Training hierarchical diffusion models for polyphonic music requires carefully curated symbolic data. As summarized in Table 1, the latest retraining pipeline screened 54,609 MIDI files. We applied strict filtering criteria to reject anomalies, most prominently note-count mismatches (29.44%), instrument-count deviations (21.89%), and duration inconsistencies (11.84%). Consequently, 20,000 samples were retained for training, corresponding to a retention ratio of 36.62%. These statistics underscore a point often overlooked in generative music research: raw symbolic corpora are substantially noisier than their nominal file counts suggest, and rigorous quality filtering is a prerequisite for musically meaningful modeling. Figure 2 extends this observation by linking dataset curation with benchmark readiness in a single evidence overview.
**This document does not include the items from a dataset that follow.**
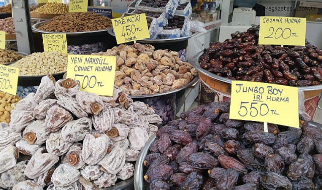 Ramazan ayına günler kala, gıda fiyatlarında ciddi artış yaşanıyor. İftar ve sahur sofralarının baş tacı hurma fiyatlarını görenler gözlerine inanamıyor.  Jumbo boy hurma 550 TL, Cennet hurma 500 TL ve en ucuzu olan Cezayir hurma 200 TL’den satılıyor.
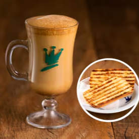 Escolha seu pão e acompanhamento para o pão na chapa acompanhado de um delicioso cappuccino cremoso.
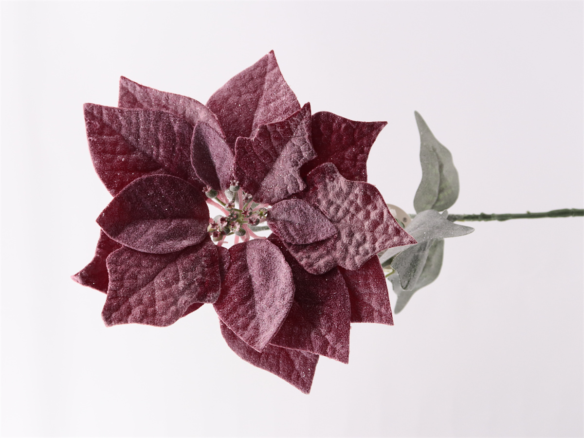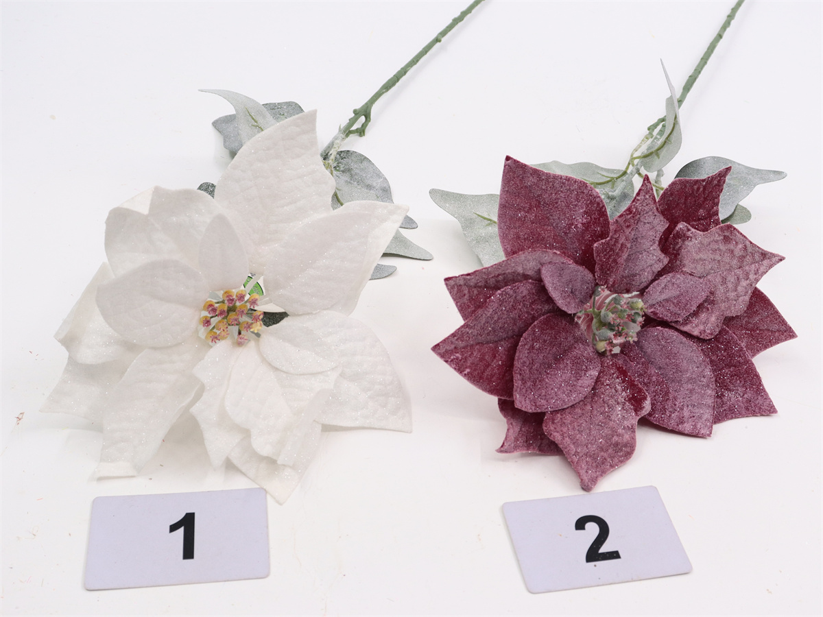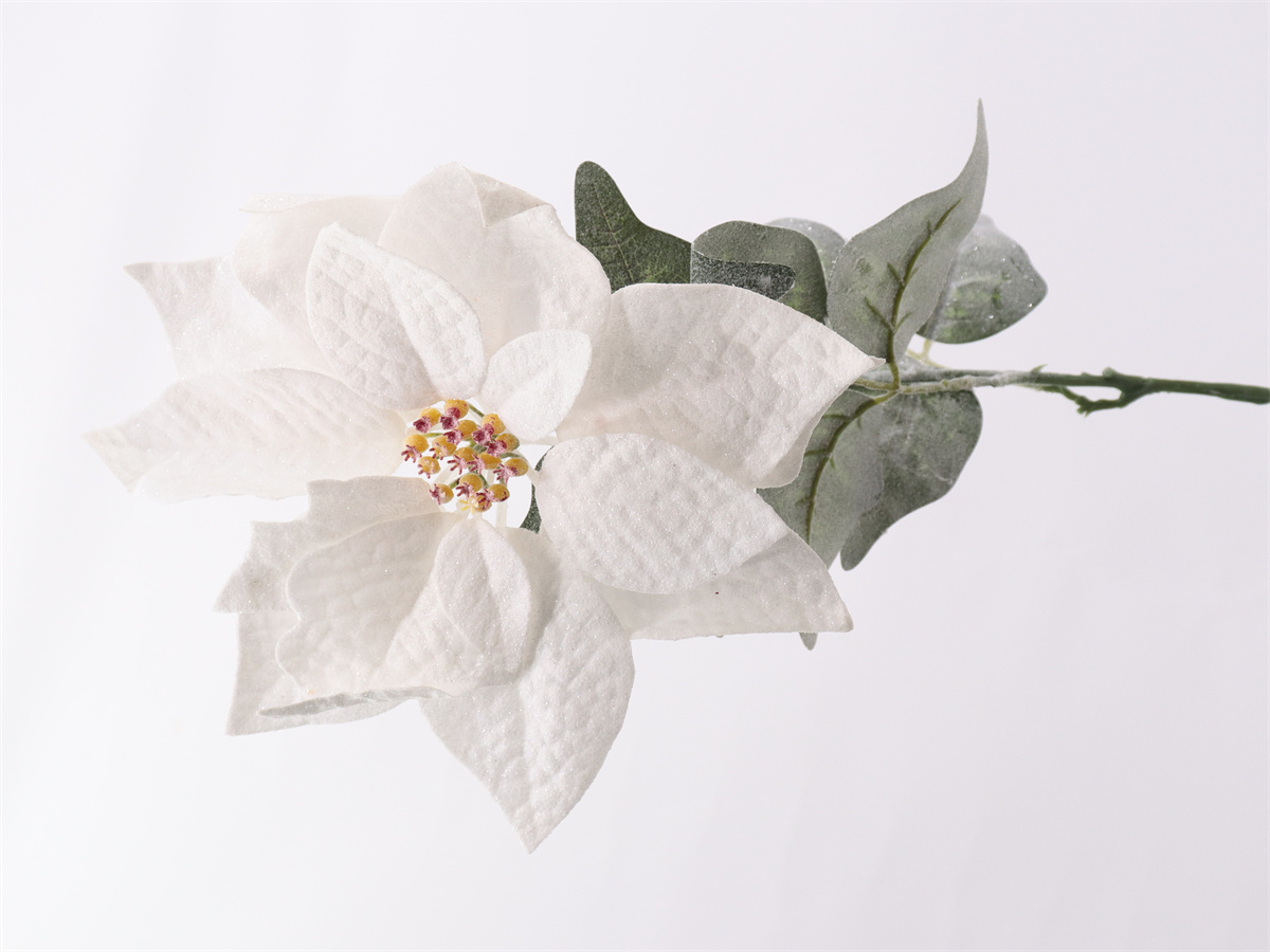 Description:71cm, A single Christmas flower, Dia=22.5cm, 3 leaves, Flocking and sprinkled with gold (leaves+flower head)
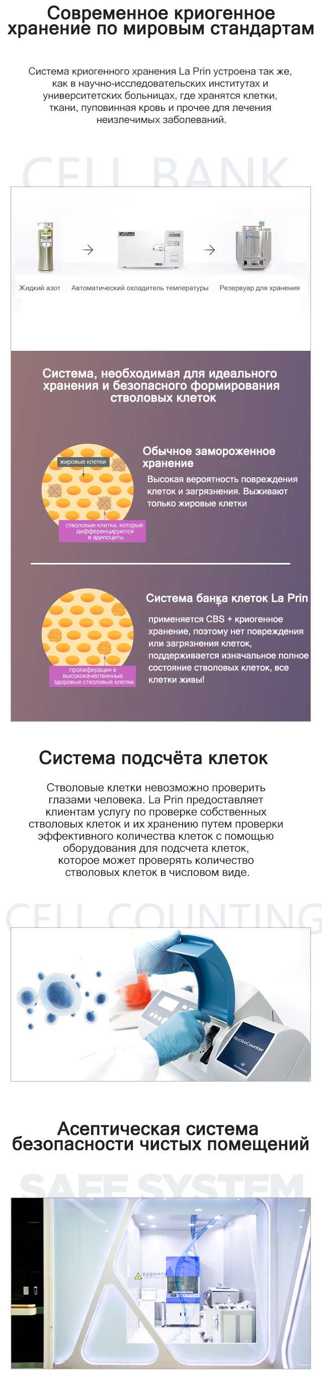Стволовые клетки невозможно проверить глазами человека. La Prin предоставляет клиентам услугу по проверке собственных стволовых клеток и их хранению путем проверки эффективного количества клеток с помощью оборудования для подсчета клеток, которое может проверять количество стволовых клеток в числовом виде.

Table 2 shows that the integrated HCDMG++ pipeline operates stably under the long-run protocol: all 384 generations are valid four-track outputs with consistent duration and note counts. More importantly, the benchmark exposes measurable variation in alignment, runtime, and style response, enabling analysis beyond binary success or failure.

6.2. Legacy-Compatible Baseline Reference

Because the central claim of this work is that HCDMG++ addresses limitations of Legacy-HCDMG, at least one explicit baseline comparison is necessary even without a complete four-way ablation matrix. Table 3 therefore reports the closest legacy-compatible reference available in the current experimental record: the existing single-melody, eight-style Legacy-HCDMG benchmark versus a matched HCDMG++ slice generated with the same eight style prompts, four random seeds, and a 32-step budget on Melody D. This comparison is intentionally conservative. It does not replace the broader 384-run benchmark, but it provides a concrete reference point for judging whether the upgraded pipeline improves over the legacy system under a directly inspectable setup.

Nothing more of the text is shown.